DAT Protocol

If we were able to develop a decentralised social network and bring P2P into the mainstream, we would many privacy and censorship concerns that are associated with today's centralised 'social' networks. One readily-available method is provided by an application layer protocol known as ‘DAT’, and there are reasons to believe it’s likely to succeed where previous ideas failed: Since DAT works entirely at the application layer, and is implemented using Node.js, there’s very little effort or learning curve involved for developers and users of DAT applications. Web applications can be extended to support it, if the demand is there, using already published libraries that are extensively documented.
For those who aren’t developers, there is a working browser that anyone, without technical skills or knowledge, can use to browse and publish sites on the DAT Web.

What is DAT?

DAT started life with the scientific community, which had a need for a more effective method of distributing, tracking and versioning data. In the conventional Web, data objects are moved, Web pages are deleted and domains expire – this is referred to as ‘content drift’. We’ve all come across an example of this in the form of ‘dead links’. When using a hyperlink to reference a data object or Web page, there is no guarantee that link would be valid at some point in the future. DAT was proposed as a solution to this.
But what does this have to do with censorship and privacy, you’re probably asking? The answer to this question is in how data is distributed, discovered and encrypted.
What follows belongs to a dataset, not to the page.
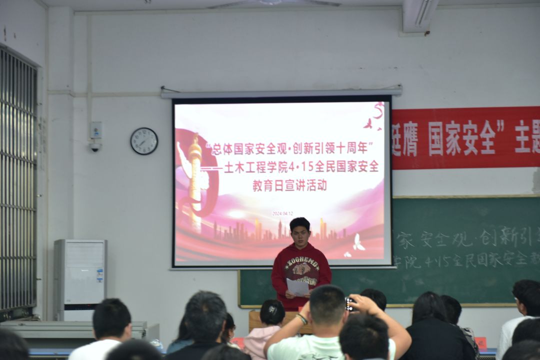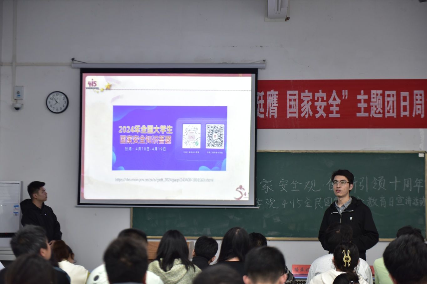 2024年是习近平总书记提出总体国家安全观10周年,4月15日将迎来第九个“全民国家安全教育日”,为深入学习贯彻习近平总书记关于全面加强国家安全教育重要指示批示精神,引导师生践行总体国家安全观,TYC234CC太阳成集团于4月12日晚在天成楼108教室,开展“4·15全民国家安全教育日”宣讲活动。院长路亚妮、副院长郭波、院党委副书记魏佩、辅导员洪迪、汪颖、陈路老师及全院60余名师生代表参加活动。活动由学生会副主席万书杰同学主持。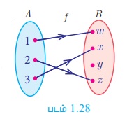 இங்கு, f-ன் வீச்சகம் f = {w, x, z} ⊂ B (படம்.1.28) என்பதால், f ஆனது உட்சார்பு ஆகும். y ∈ B -க்கு முன் உரு A-ல் இல்லை என்பதை நோக்குக.

Merkle Trees, Hashing Algorithms and Public Key Encryption

The DAT protocol is essentially a real-world implementation of the Merkle Tree data structure, with the BLAKE2b and Ed25519 algorithms for identification, encryption and verification (other docs state that SHA256 is used as the hashing algorithm). It’s not necessary to understand this concept in order to develop DAT applications, since there are already libraries for implementing this, but for the curious, I reccommend reading Tara Vancil’s explanation first before moving on to the whitepaper.

An important point Vancil made was DAT is about the addressing and discovery of data objects, not the addressing of servers hosting those objects. Data objects are not bound to IP addresses or domains either. Each data object has its own address, and that address is determined by its cryptographic hash value – a file’s hash digest will be static, regardless of where it’s hosted. This is important, because we’re accustomed to thinking of the Internet/Web in terms of the client/server model, and proposed solutions for privacy and anti-censorship typically try to deal with the problem of decentralised host discovery in a peer-to-peer (P2P) network.

Some form of data structure is required to make the data objects addressable and to enable their integrity to be verified. A DAT peer-to-peer network uses Merkle Trees for this, where all ‘leaves’ and nodes contain the hash values of the data objects they represent, and the root node contains the hash digest of all its child nodes. In other words, as the whitepaper puts it, ‘each non-leaf node is the hash of all child nodes‘.
Not only does this provide a way of verifying the integrity of the data objects – the root node’s digest will change if there’s any modification to a data object represented in the tree – it provides the means to an efficient lookup system, as the root hash digest becomes the identifier for a dataset.

Obviously, this means clients would need to fetch the root node’s value for a given dataset from a trusted source, which might be one of many designated lookup peers on the network. If the client wanted a given data object, it wouldn’t need to fetch everything referenced under the root node, but just the root node value, the parent node of the requested objects, and the hash values of the other parent nodes.

Addressing, References and Security

Now, let’s get into the more specific aspects of how Merkle Trees are implemented in the context of DAT. All the ‘leaf’ nodes in the DAT Merkle Tree contain a BLAKE2b or SHA256 (depending on the docs being read) hash digest of the referenced object. All parent nodes contain the hash digest and a cryptographic signature. The signature is generated by creating Ed25519 keys for each parent node and using them to sign the hash digest.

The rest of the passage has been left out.